[Exercise data Boundary: Start]

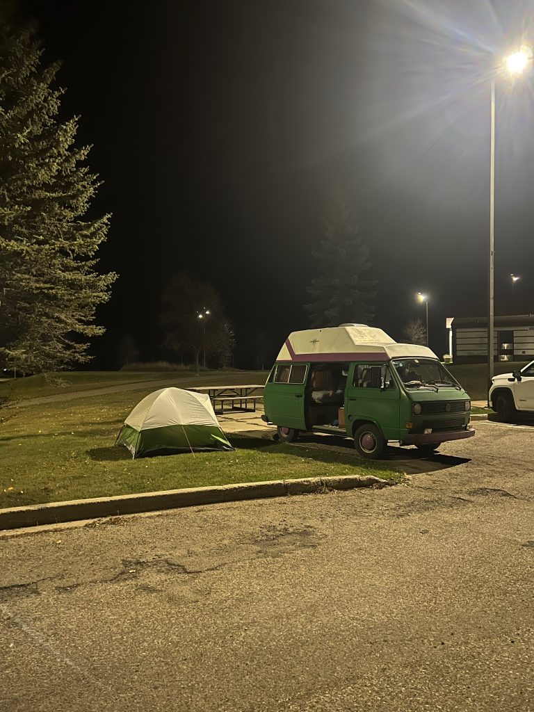 Und dann spät abends, nach fast 1.000 km und 14 Stunden Autofahrt, bleiben wir 160 km vor Calgary auf einmal stehen. Neeiin, keine Panik. Wir bleiben nur stehen, um die Nacht auf einem Rastplatz direkt am Highway zu verbringen. Mausi macht bis jetzt alles wunderbar mit. War die Sorge vielleicht ganz umsonst? Naja noch sind wir nicht da und der schlimmste Teil wartet noch auf uns. Aber was war das für ein Ritt heute?! Uns allen tut der Hintern weh und wir sind froh, dass wir uns nun endlich hinlegen können. Die Temperaturen sollen in der Nacht nicht unter den Gefrierpunkt gehen. Schon mal gut…
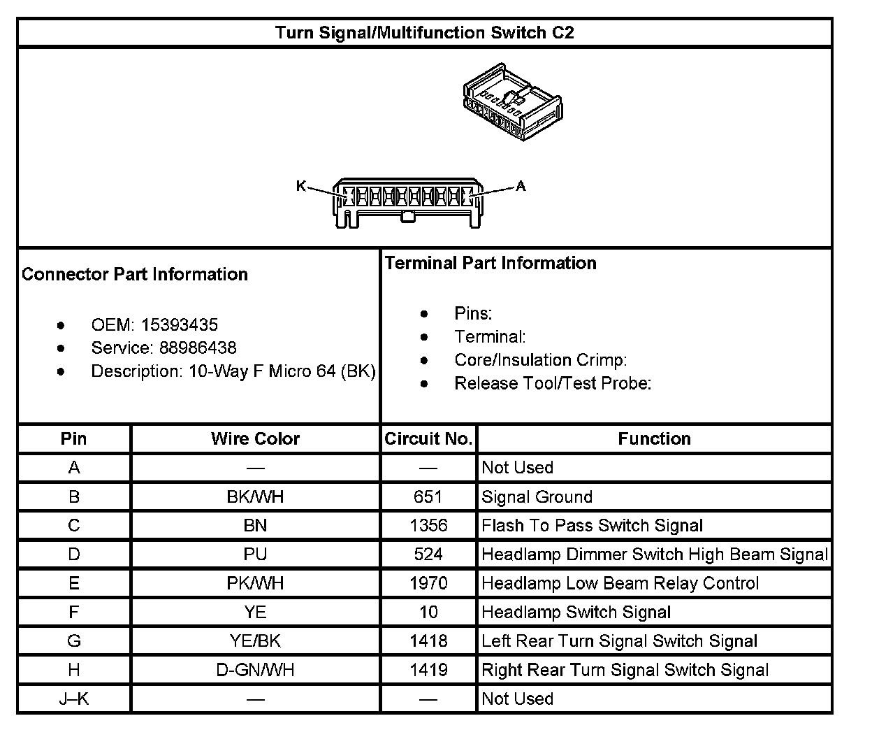 Turn Signal/Multifunction Switch C2:
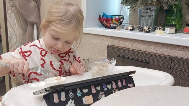Внучка ест пельмени, только после еды можно сладкое!
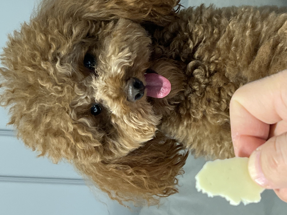 A fluffy, brown poodle with dark eyes and a pink tongue hanging out is shown at an angle. A hand holds a small, irregular piece of pale yellow cheese near the dog's mouth. The background is a plain, light color. The dog's fur is curly and covers most of its face.
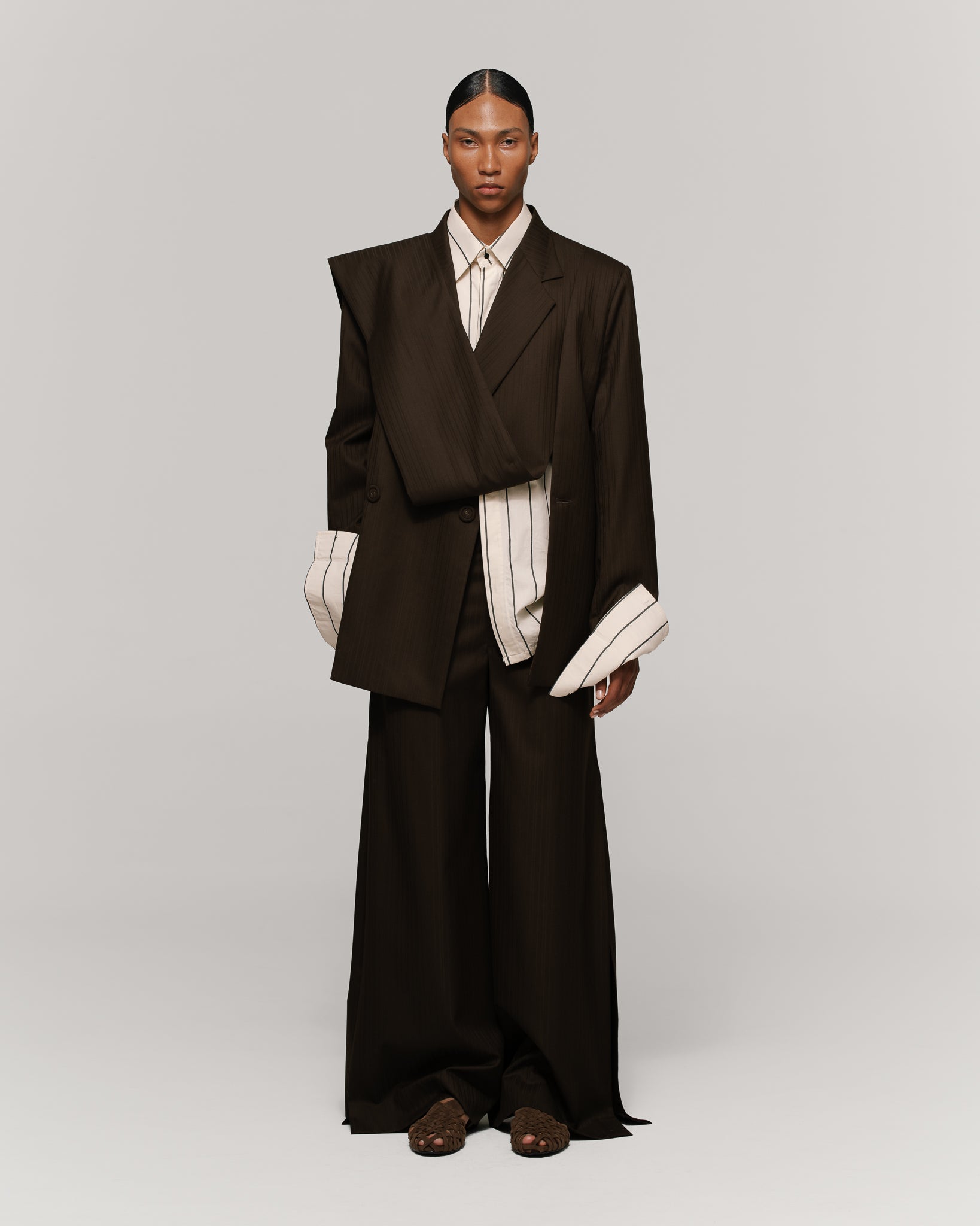 se cierran con botón y mangas con botonadura funcional de siete botones. Interior forrado. Botones forrados en misma tela. Se complementa con pantalón de silueta muy amplia, con aberturas laterales profundas.
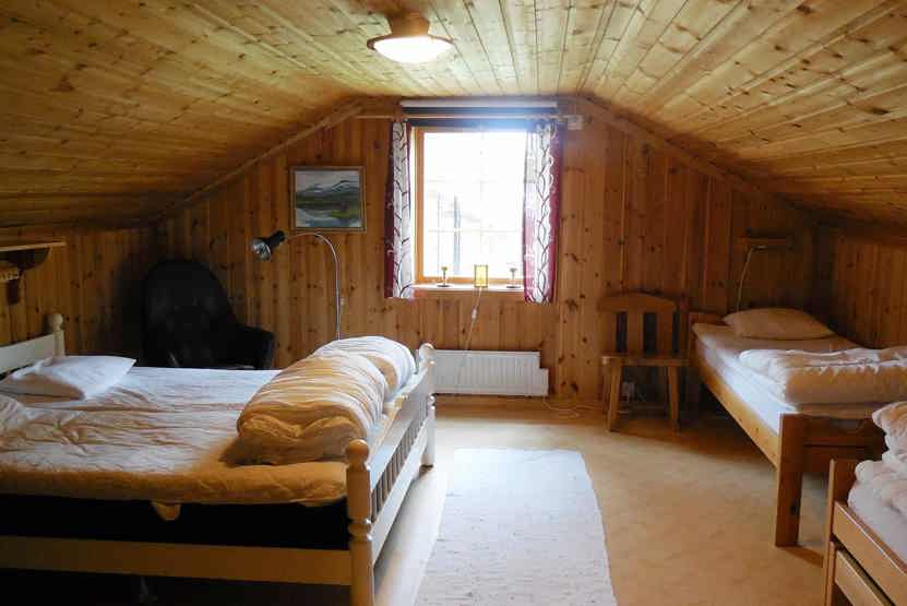 Soveværelse-1 = 1 dobbeltseng, 2 enkeltsenge.
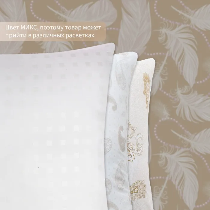 Подушка Экономь и Я 70*70 Лебяжий пух, чехол тик, цв. МИКС, п/э — Характеристики

[Exercise data Boundary: End]

**Instructions for the task**
Strip out the images, then output the records above word for word.

**Answer to the problem**
 Und dann spät abends, nach fast 1.000 km und 14 Stunden Autofahrt, bleiben wir 160 km vor Calgary auf einmal stehen. Neeiin, keine Panik. Wir bleiben nur stehen, um die Nacht auf einem Rastplatz direkt am Highway zu verbringen. Mausi macht bis jetzt alles wunderbar mit. War die Sorge vielleicht ganz umsonst? Naja noch sind wir nicht da und der schlimmste Teil wartet noch auf uns. Aber was war das für ein Ritt heute?! Uns allen tut der Hintern weh und wir sind froh, dass wir uns nun endlich hinlegen können. Die Temperaturen sollen in der Nacht nicht unter den Gefrierpunkt gehen. Schon mal gut…
 Turn Signal/Multifunction Switch C2:
Внучка ест пельмени, только после еды можно сладкое!
 A fluffy, brown poodle with dark eyes and a pink tongue hanging out is shown at an angle. A hand holds a small, irregular piece of pale yellow cheese near the dog's mouth. The background is a plain, light color. The dog's fur is curly and covers most of its face.
 se cierran con botón y mangas con botonadura funcional de siete botones. Interior forrado. Botones forrados en misma tela. Se complementa con pantalón de silueta muy amplia, con aberturas laterales profundas.
 Soveværelse-1 = 1 dobbeltseng, 2 enkeltsenge.
 Подушка Экономь и Я 70*70 Лебяжий пух, чехол тик, цв. МИКС, п/э — Характеристики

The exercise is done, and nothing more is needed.